Kunjorowesi, 27 Mei 2025 — Pemerintah Desa Kunjorowesi, Kecamatan Ngoro, Kabupaten Mojokerto, menggelar Musyawarah Desa Khusus (Musdesus) dalam rangka pembentukan pengurus Koperasi Desa “Merah Putih”. Musyawarah ini merupakan langkah konkret desa dalam menindaklanjuti arahan pemerintah pusat melalui Instruksi Presiden Republik Indonesia Nomor 9 Tahun 2025 tentang Percepatan Pembentukan Koperasi Desa/Kelurahan Merah Putih.
Acara yang berlangsung di Balai Desa Kunjorowesi ini dibuka langsung oleh Kepala Desa Kunjorowesi, Susi Darsono, dan dihadiri oleh unsur kelembagaan desa dan tokoh masyarakat. Hadir dalam forum tersebut antara lain perangkat desa, Badan Permusyawaratan Desa (BPD), Lembaga Pemberdayaan Masyarakat (LPM), bidan desa, Babinsa, Bhabinkamtibmas, tokoh agama, tokoh masyarakat, karang taruna, staf kecamatan, serta pendamping desa.

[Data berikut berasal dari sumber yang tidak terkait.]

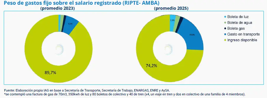 En este escenario, el problema no es solo cuánto falta para llegar, sino cuánto queda. Mientras los ingresos pierden frente a los precios, los gastos fijos avanzan: absorben 15 puntos más del salario que en 2023. El resultado es un cambio más profundo que la inflación misma, ya que el ingreso disponible se achica y el margen para vivir se reduce mes a mes.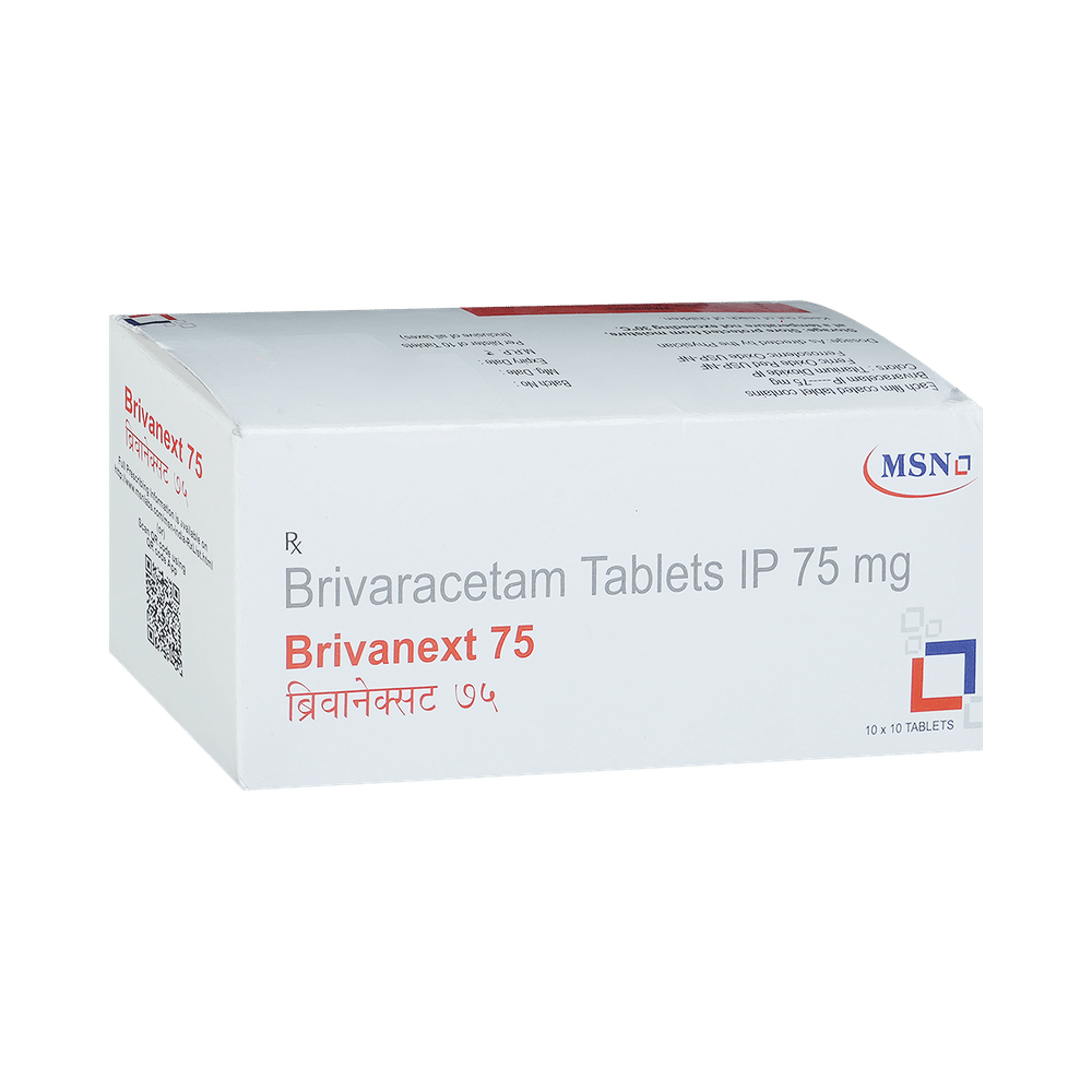 Brivanext 75mg Tablet is an anti-epileptic medicine used to treat seizures (fits) in epilepsy. It can be used alone or along with other medicines. It helps to prevent seizures for as long as you continue to take it. Brivanext 75mg Tablet suppresses the abnormal electrical activity in the brain. You can take it regularly with or without food but try to take it at the same time each day to get the most benefit. The dose and how often you need it will be decided by your doctor so that you get the right amount to control your seizures. It may be increased gradually.It is generally advised as a long-term treatment. You should continue taking it for as long as your doctor has told you to, even if you feel well. If you stop or miss doses your seizures could get worse. Do not stop taking this medicine unless your doctor tells you to. This is because stopping the medicine suddenly could make your seizures worse.Some common side effects of this medicine include dizziness, headache, nausea, and vomiting. You may also experience behavioral changes, aggressive behavior, irritation, agitation, etc. Side effects are more common during the first few weeks and usually lessen as your body gets used to the medicine. Most of these side effects do not need medical attention, but some of them can be serious. A small number of people being treated with this medicine have had thoughts of harming or killing themselves. Contact your doctor if your mood changes for the worse.Before taking it, you should tell your doctor if you have liver or kidney-related problems, depression, or suicidal thoughts, and if you are pregnant or planning to become pregnant. Breastfeeding mothers should also consult their doctor before taking this medicine.

Dalam sambutannya, Kepala Desa Susi Darsono menyampaikan bahwa pembentukan koperasi ini merupakan wujud komitmen desa dalam mendorong kemandirian ekonomi masyarakat dan mendukung program nasional.
“Koperasi Merah Putih ini diharapkan menjadi wadah yang mampu menggerakkan ekonomi kerakyatan, memberdayakan UMKM lokal, serta menjawab kebutuhan masyarakat desa secara langsung,” ujar Susi Darsono.
Musyawarah ini sekaligus merupakan tindak lanjut dari kebijakan nasional yang dicanangkan oleh Presiden Prabowo Subianto melalui Instruksi Presiden Nomor 9 Tahun 2025 tentang percepatan pembentukan Koperasi Merah Putih di seluruh desa dan kelurahan se-Indonesia. Inpres tersebut menargetkan terbentuknya 80.000 koperasi di seluruh Indonesia dalam dua tahun ke depan sebagai bagian dari agenda besar menuju Indonesia Emas 2045.
Dalam Inpres tersebut, pemerintah pusat mendorong koperasi desa untuk menyediakan berbagai layanan, mulai dari simpan pinjam, penyediaan bahan pokok, layanan kesehatan dasar, hingga dukungan logistik untuk pertanian dan UMKM. Dana pendukung koperasi dapat bersumber dari APBN, APBD, Dana Desa, maupun sumber sah lainnya.
Dalam forum Musdesus, peserta bersama-sama menetapkan struktur awal kepengurusan koperasi dan merumuskan tujuan dan bidang usaha koperasi. Musyawarah berjalan secara demokratis, terbuka, dan partisipatif, dengan semangat gotong royong sebagai nilai utama.
Koperasi "Merah Putih" Desa Kunjorowesi diharapkan menjadi koperasi yang mandiri, profesional, dan inklusif—mampu menjawab tantangan ekonomi lokal dan menjadi pilar kesejahteraan masyarakat desa.